- Spanish single picture sleeve

Single by the Jimi Hendrix Experience

from the album Axis: Bold as Love
- B-side: "One Rainy Wish"
- Released: February 26, 1968
- Recorded: October 29, 1967
- Studio: Olympic, London
- Genre: Psychedelic rock; jazz fusion;
- Length: 2:55
- Label: Reprise
- Songwriter: Jimi Hendrix
- Producer: Chas Chandler

Experience US singles chronology
| "Foxey Lady" (1967) | "Up from the Skies" (1968) | "All Along the Watchtower" (1968) |

= Up from the Skies =

"Up from the Skies" is a song written by Jimi Hendrix. Recorded by the Jimi Hendrix Experience in 1967, it was released on their second album Axis: Bold as Love. The lyrics reflect Hendrix's interest in science fiction and relate an extraterrestrial visitor's curiosity about life on Earth. Musically, it incorporates elements of jazz, particularly in drummer Mitch Mitchell's use of brushes.

In 1968, the Experience's American record company, Reprise Records, released the song as a single, which reached number 82 on the Billboard Hot 100 chart.

==Background and style==
"Up From the Skies" was recorded on October 29, 1967, the last day of recording for Axis: Bold as Love, at Olympic Sound Studios in London. AllMusic reviewer Matthew Greenwald described the song as "a breezy, jazz-based stroll, and it's quite different from anything on his debut album". Biographer Harry Shapiro commented on the "easy triplet jazz feel", bringing attention to the "delicate wah-wah and Mitch [Mitchell]'s brush-work".
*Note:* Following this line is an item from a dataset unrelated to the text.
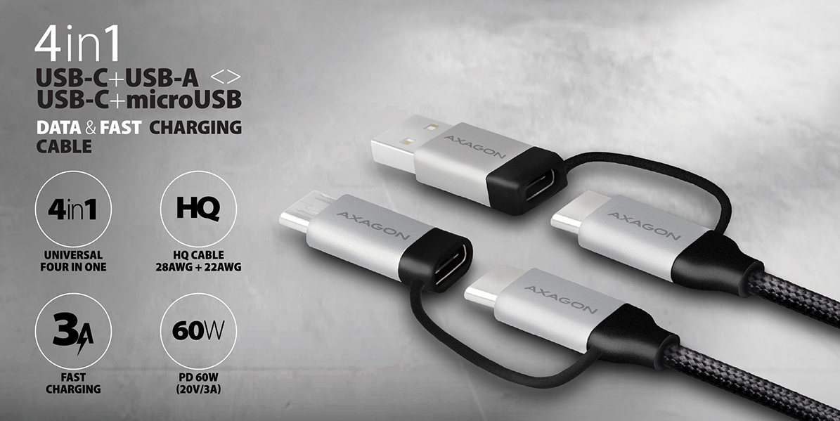 Přibalený kvalitní, opletený microUSB kabel s redukcí na USB Type-C zaručuje bezstarostné nabití vašich mobilních zařízení s rozdílnými konektory.
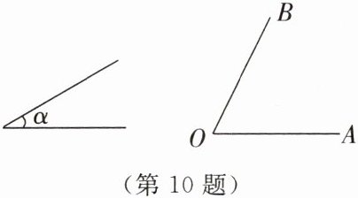 求作:以$OA$为一边,在$\angle AOB$的内部作$\angle AOC=\angle\alpha$。(要求:尺规作图,不写作法,保留作图痕迹)

The lyrics are told from perspective of a visiting alien "concerned about what has happened to [Earth] since the last time he passed through". Greenwald suggests that this motif is adopted to "[address] the older generation and their flaws and judgements against the youth of the 1960s", which Hendrix supposedly does "with a sense of idle curiosity rather than distaste, not unlike an alien visiting the planet Earth for the first time".

==Reception==
Despite being less commercially successful than previous singles, "Up from the Skies" was generally well-received critically. In an album review for Rolling Stone, critic Parke Puterbaugh identified the song as an effective opening song for the album, suggesting that "'Up From the Skies', the mission statement of Axis: Bold As Love, [draws] the ear into an album that wanted to take you higher, past gravity or limits of any kind". Music writer Cub Koda summarized the song as a "spacy rocker". Cash Box said that Hendrix is in a "funkier groove" here than some of his previous singles, saying the song is "almost a step back into blues of the mid-fifties but with some contemporary guitar antics that are straight from the today trends."